If after each draw we replaced the balls (returning them to the bowl), each draw would be an independent event. Then the probability that each draw has 1 red and 1 blue would simply be (P(A) for one draw) raised to the power of 4, with P(A) = (4/8)*(4/7)*2 from the usual logic of “choose red first then blue or blue first then red.” But in a with-replacement scenario, each draw is from 8 total balls (4 red and 4 blue) each time, so the calculation changes.

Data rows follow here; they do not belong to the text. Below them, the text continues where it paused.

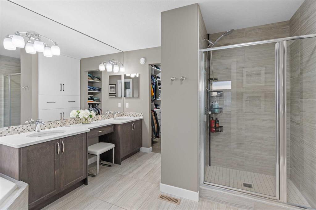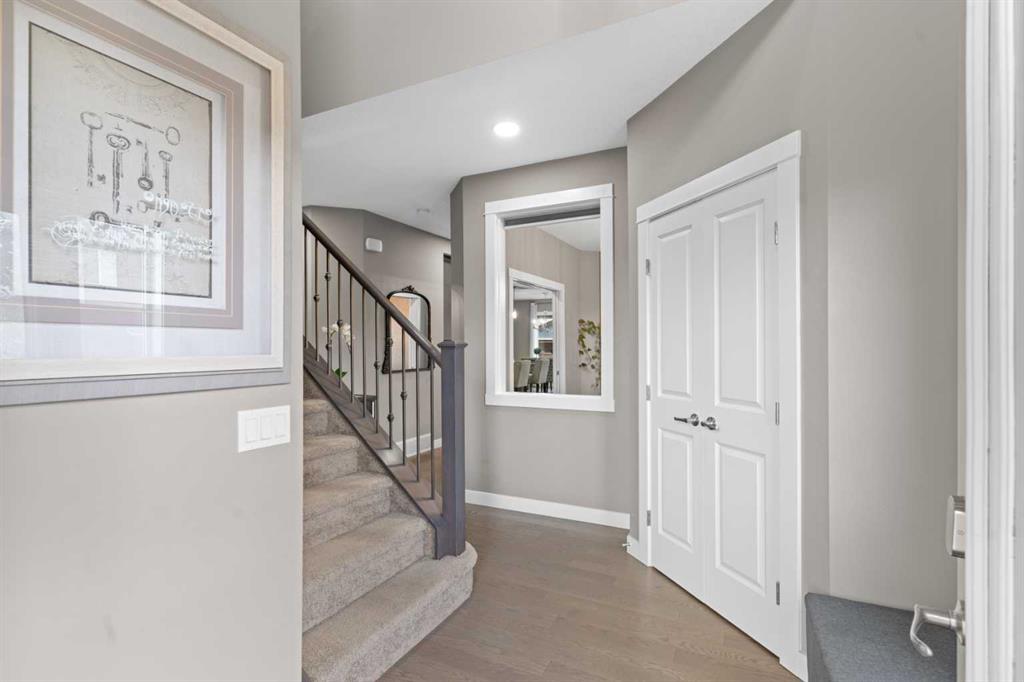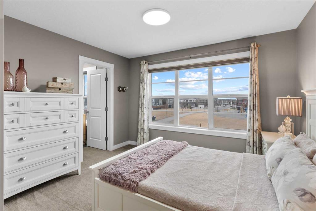 Welcome to this beautifully upgraded former Shane Homes SHOW HOME, perfectly situated on a quiet street and facing a kids playground in the heart of Cornerstone. Known for exceptional customization and craftsmanship, Shane Homes designed this property with thoughtful details throughout, making it truly feel like you are living in a show suite. This impressive home offers a double attached garage, four spacious bedrooms, two and a half bathrooms, and a newly developed two-bedroom LEGAL SECONDARY SUITE. From the moment you step inside, the grand entrance with high ceilings sets the tone for the elegance that follows. The main floor features a chef-inspired kitchen with built-in stainless steel appliances, custom cabinetry with crown molding, a large central island, and a walk-through butlers pantry with additional custom storage. A formal dining room, casual dining nook, bright and luxurious living room with a gas fireplace, functional mudroom, and a convenient two-piece bathroom complete the main level. Upstairs, the home opens into a massive family room that is ideal for gatherings or relaxing. Four generously sized bedrooms provide ample space, while the thoughtfully designed laundry room includes custom counters and cabinetry. The primary suite is a true retreat, featuring a spa-like ensuite with double vanity, a mirror extended to the ceiling, a stand-up shower, a relaxing soaker tub, and a large walk-in closet with custom cabinetry. The additional three bedrooms are bright, comfortable, and offer excellent closet space. The recently developed basement features a legal two-bedroom suite with its own full kitchen, stainless steel appliances, separate laundry, comfortable living area, and a three-piece bathroom, which is perfect for extended family or rental income. Additional upgrades include a water softener, water purifier, and central air conditioning, providing enhanced comfort and convenience year-round. Outside, the home sits on a desirable corner lot and includes a fully fenced and landscaped backyard with a large deck and pergola, creating an ideal setup for enjoying summer evenings. With the playground right across the street, this location is perfect for families seeking both community and lifestyle. Residents enjoy close proximity to Chalo Freshco, the future Gurdwara, the community pond, restaurants, schools, and several commercial plazas. Quick access to Stoney Trail and Country Hills Boulevard makes commuting easy, while CrossIron Mills, Costco, and the Calgary Airport are only a short drive away. This property is truly a must-see. Experience the quality, upgrades, and design that make this former show home stand out. Book your showing today.
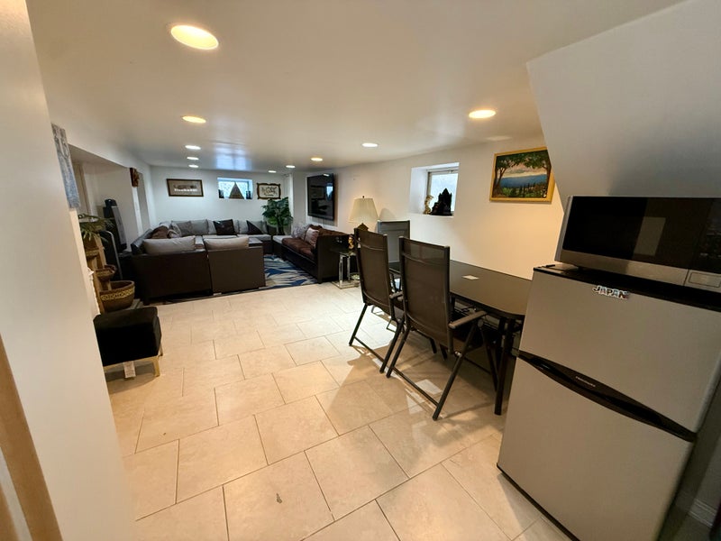 There is a fully furnished living room in the basement having comfortable couches, large tv, dining table, fridge, microwave, laundry room, individial shoe racks to be commonly shared by all the three tenants.
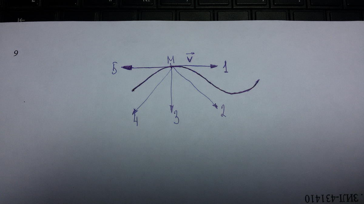 Траектория движения тела и направление вектора его скорости v в точке М показаны на рисунке. Если движение замедленное, то направление полного ускорения а совпадает со стрелкой:
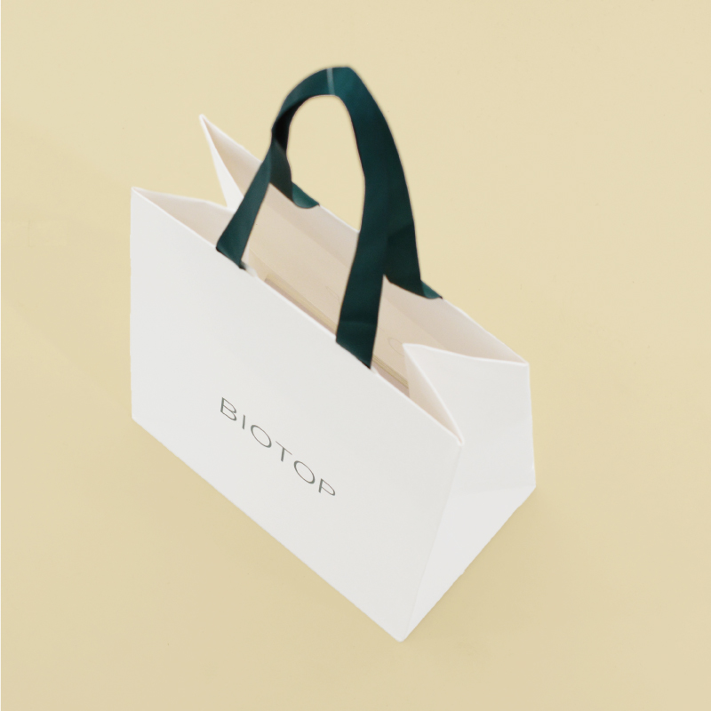 弊社でも取り扱いのある白い紙にワンポイントので構成された紙袋。
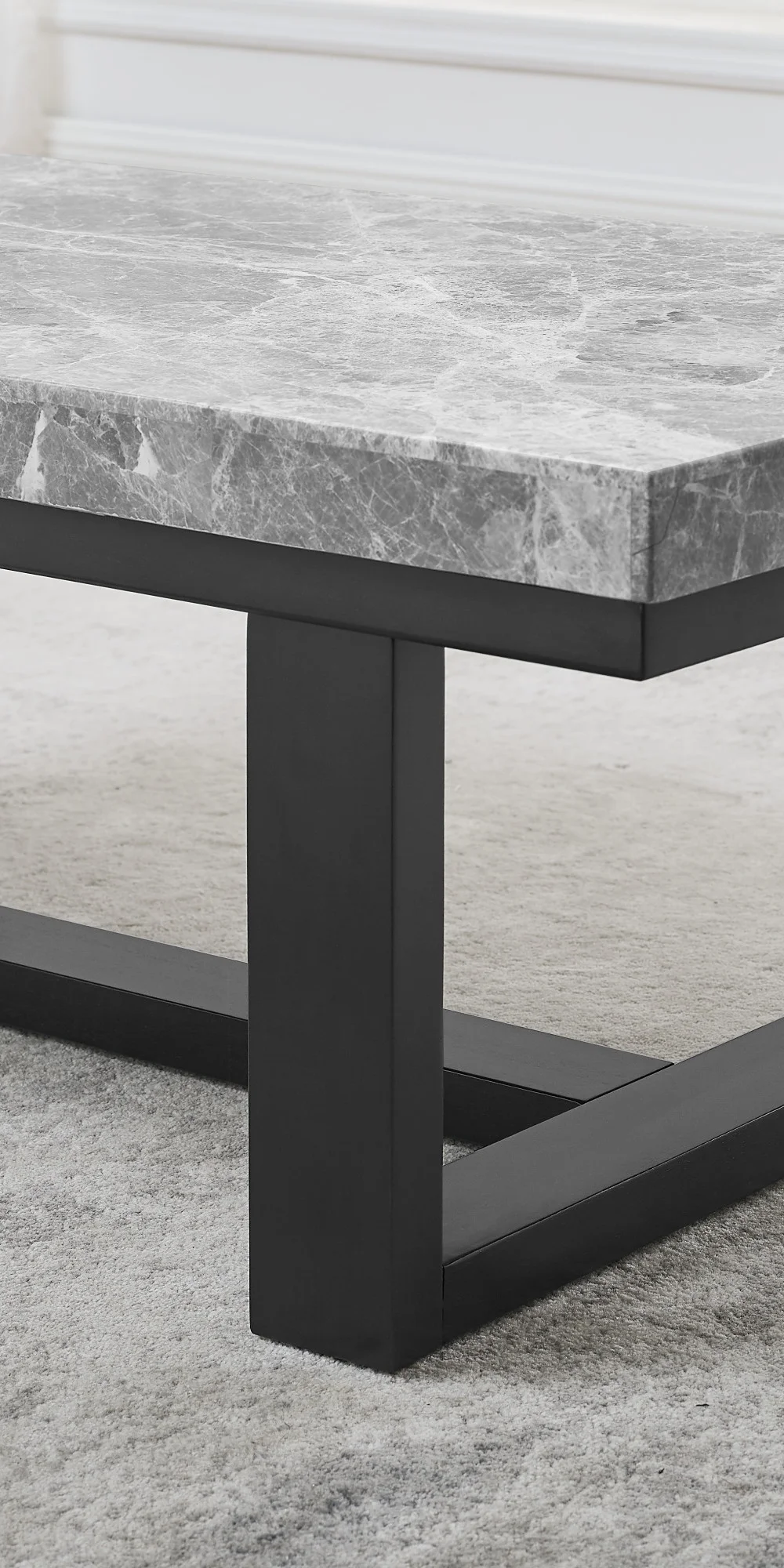 The straightforward style of the Lucca Coffee Table from Steve Silver allows the natural beauty of the gray marble top to shine through. The top is 55mm gray marble veneer and is crafted by nature with unique characteristics that vary slightly so no two pieces will be exactly the same. A hand-stained espresso wood base highlights the character and grain of the wood while clean, geometric lines frame the table without feeling heavy. Crafted from kiln-dried wood helps prevent warping, splitting, and cracking.

Specifically, the probability for a single draw to have 1 red and 1 blue (with replacement factoring in each pick) would be 4/8 * 4/8 * 2 = 1/2 * 1/2 * 2 = 1/2. Then for 4 independent draws, it would be (1/2)⁴ = 1/16.

What practical pitfalls do people encounter with problems like this?

Often, confusion arises when dealing with the difference between “with replacement” and “without replacement.” Another common pitfall is miscounting the ways to form pairs or sets of balls, especially forgetting that the order of draws matters but the order within each draw may not, or vice versa. A thorough approach with conditional probabilities (like we did here) usually avoids many combinatorial mistakes.

How would you simulate this process in Python?

You could do a Monte Carlo simulation by generating many random trials and approximating the probability:

import random

def simulate_draws(num_sim=10_000_000):
    import math
    success_count = 0
    for _ in range(num_sim):
        # Balls represented as 'R' or 'B' in a list
        bowl = ['R']*4 + ['B']*4
        random.shuffle(bowl)
        success = True
        # We do 4 draws, each of 2 balls
        for i in range(4):
            draw = bowl[2*i : 2*i + 2]
            # check if 1 red, 1 blue
            if draw.count('R') != 1 or draw.count('B') != 1:
                success = False
                break
        if success:
            success_count += 1
    return success_count / num_sim

prob_estimate = simulate_draws(100000)
print(prob_estimate)

As num_sim grows large, the estimated probability should approach 8/35 ≈ 0.22857.

Such a simulation illustrates how to verify theoretical results in practice.

These strategies—conditional probability, combinatorial reasoning, and simulation—are common tools for tackling probability questions in data science and machine learning interviews.

Below are additional follow-up questions

If the problem asked for the probability that exactly 1 red and 1 blue ball occur in each draw, but we do not distinguish the order in which these four draws occur (i.e., the sequence of draws is not labeled), how would the approach change?

When the order of the four draws is not distinguished, we are treating the final outcome as a partition of the 8 balls into four unlabeled pairs. This changes the total ways to form pairs from the 8 balls, because we no longer count different permutations of the same set of pairs as distinct outcomes.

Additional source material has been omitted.